The relevant part in the Child Implementation's script is as follows:

create_project -in_memory -part xc7k325tffg900-2
set_property design_mode GateLvl [current_fileset]
add_files -quiet .../impl_1/theproject_postroute_physopt_bb.dcp
add_files -quiet .../two_synth_1/pr_block.dcp
set_property SCOPED_TO_CELLS pr_block_ins [get_files .../bpf_synth_1/pr_block.dcp]
link_design -top theproject -part xc7k325tffg900-2 -reconfig_partitions pr_block_ins
opt_design 
write_checkpoint -force theproject_opt.dcp
[ ... ]

and from this point it goes on to place and route etc.

Note that the implementation script above consumes just two sources, and both are DCPs:

When the implementation continues, the fact that the first DCP was locked ensures that nothing of the static logic moves. Nevertheless, the reconfigurable module's place and route is done as usual, based upon the netlist DCP.

As a side note, if there are XCI IPs that belong to the reconfigurable module, a row like the following is added for each IP, between the two add_files commands above:

read_ip -quiet .../theproject.srcs/sources_1/ip/blkmem/blkmem.xci

This isn't special to Partial Reconfiguration, though — it's done this way in any implementation.

Just before writing the two bitstreams, the Child Implementation verifies that the routed design it has obtained is compatible with the the static logic of the Parent Implementation, in particular regarding place and route.

The Tcl command for this is something like:

pr_verify -full_check -initial /path/to/impl_1/theproject_postroute_physopt.dcp -additional /path/to/child_1_impl_1/theproject_routed.dcp -file child_1_impl_1_pr_verify.log

Note that this compares two DCP files, regardless of the in-memory project. The Parent Implementation's routed DCP is compared with the final DCP of the Child Implementation. The output of this comparison goes to a file named *_pr_verify.log.

This comparison guarantees that the partial bitstream is compatible in the sense that it can be loaded when the parent's bitstream already is already loaded in the FPGA. It goes through the static partition's logic elements as well as the routing.
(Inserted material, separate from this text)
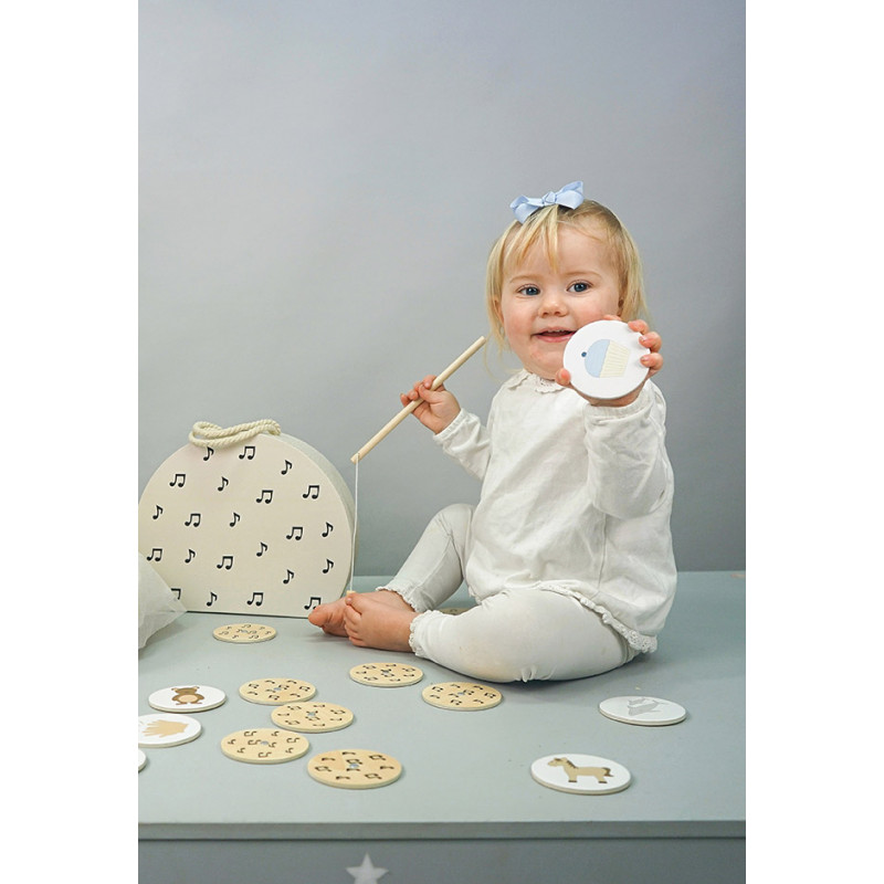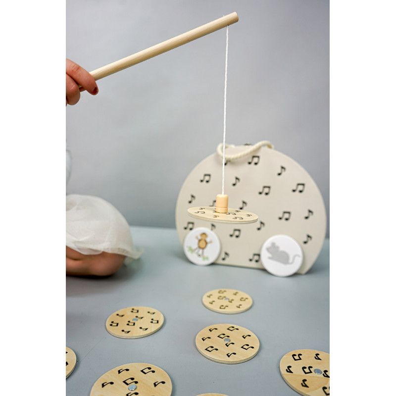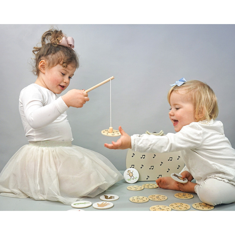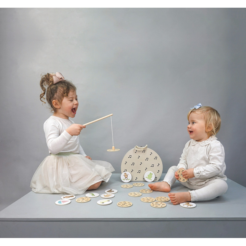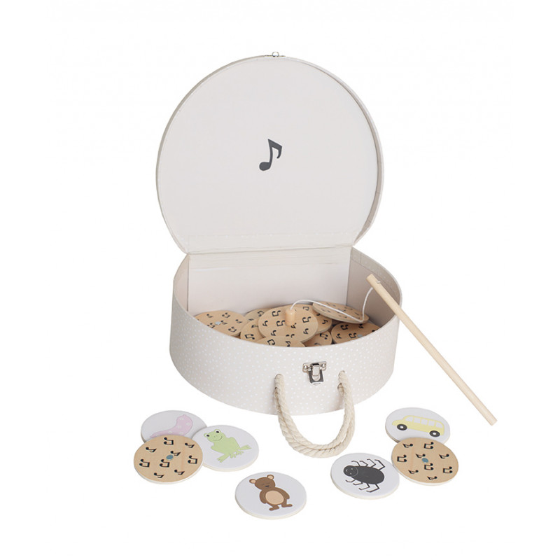 Låt oss sjunga! Jabadabados sångväska möjliggör en mysig och underhållande stund med sång i centrum. Väskan innehåller 23 sångkort som med sina olika motiv representerar olika barnvisor. Det medföljande fiskespöet används för att fiska upp ett sångkort ur väskan, och därefter kan ni gemensamt sjunga den sång vars motiv finns på kortet.

pr_verify returns with a failure status if there's an incompatibility. If this happens, the creation of bitstreams in Vivado's script is prevented. It's important to keep this step in mind when writing custom implementation scripts.
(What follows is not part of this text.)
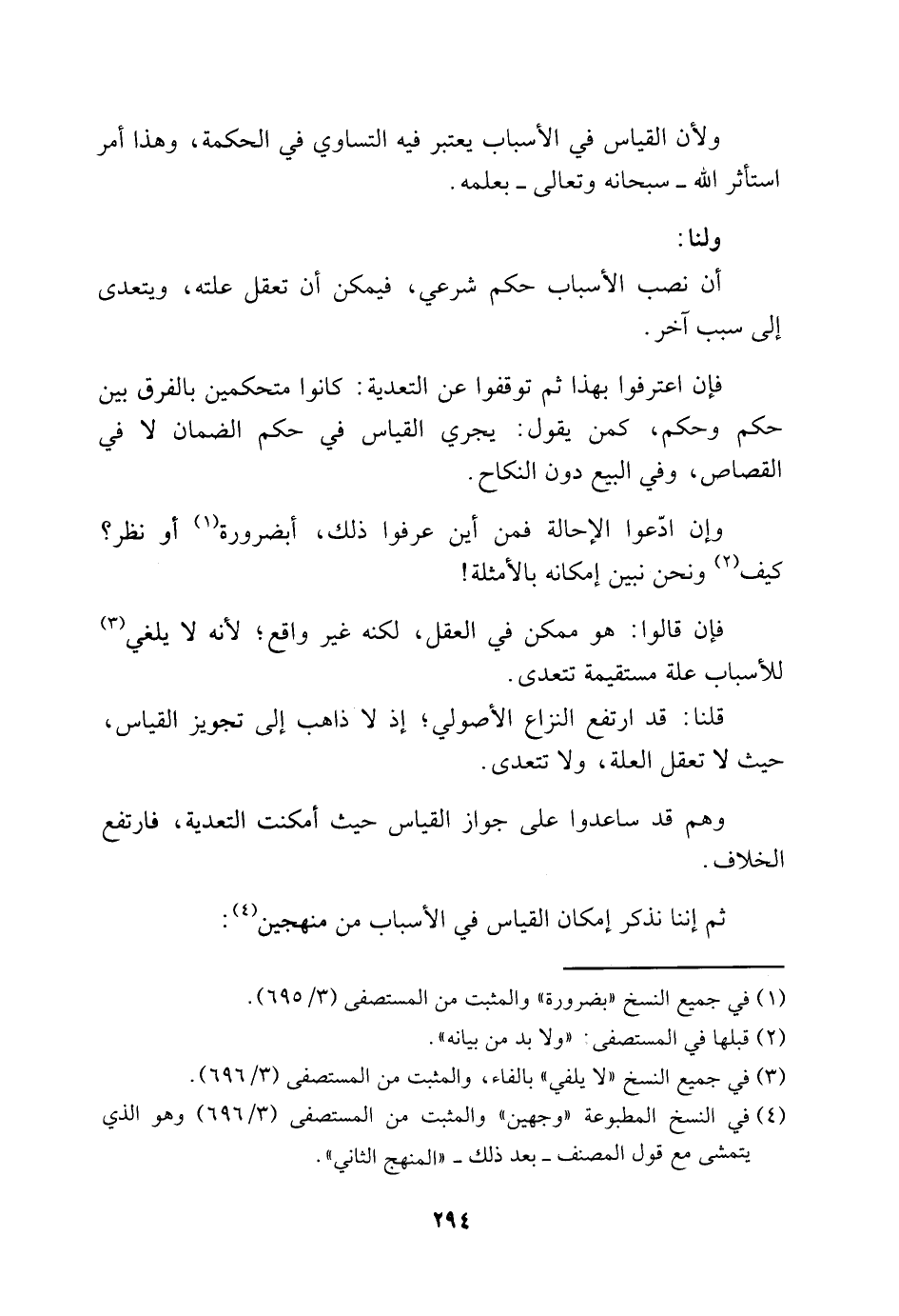 ثم إننا نذكر إمكان القياس في الأسباب من منهجين4.

There's no reason this verification should ever fail, but if it does, the bitstream generation fails with a lot of errors like "ERROR: [Constraints 18-891] HDPRVerify-08: design check point .../impl_1/theproject_postroute_physopt.dcp places instance ... at site SLICE_X118Y125, yet design check point .../impl_2/theproject_routed.dcp does not. Both check point must have the same static placement result".

These errors messages will probably reach the limit of 100, and then get silenced.

Solution for the Remote Update scenario

Recall from above that the challenge is that the result of the original Parent Implementation must be available when the implementation of the reconfigurable logic is carried out as a Child Implementation.

The brute-force solution is to make a copy of the entire Vivado project directory, along with any files it might depend on. When the need to generate a new partial bitstream arises, restore all files, force the Parent Implementation as up-to-date, and create a bitstream for the Child Implementation only. This method is technically OK, but is likely to be annoying in the long run. If you choose this way, be sure to manually run pr_verify against the original Parent Implementation's DCP file, because this method will not detect an unintentional change in the Parent Implementation.

There are two other alternatives, which are based upon the knowledge on how the Parent Implementation and Child Implementations interact, which is through two DCP files, as explained above. The obvious advantage of these two alternatives is that you know what you're doing.

The principle behind both alternatives is to ensure that the partial bitstream relies upon the two DCP files that were generated along with the initial bitstream, which I shall refer to as the Golden DCPs.

The first alternative is to carry out the implementation of the partial bitstream as a Tcl script with non-project flow. Essentially, it means running the script that Vivado creates for the Child Implementation, however modifying it to use the Golden DCPs. More precisely, modify the arguments of the link_design command and pr_verify command, so that they rely on the Golden DCPs.

The main drawback of this alternative is that running a Tcl script with non-project flow doesn't integrate well with Vivado's GUI, so it becomes considerably more difficult to process messages, open the implemented design for review etc.

The Golden DCPs hack

Ideally, it would have been possible to automatically modify the script that is generated by Vivado for the Child Implementation run, so it would relate to the Golden DCPs. Unfortunately, it doesn't seem like there's a reliable way to do that.

However Vivado allows defining Tcl scripts for execution before and after certain stages in the implementation. These scripts are executed from the implementation run's script, so they can't be used to change the run's script itself.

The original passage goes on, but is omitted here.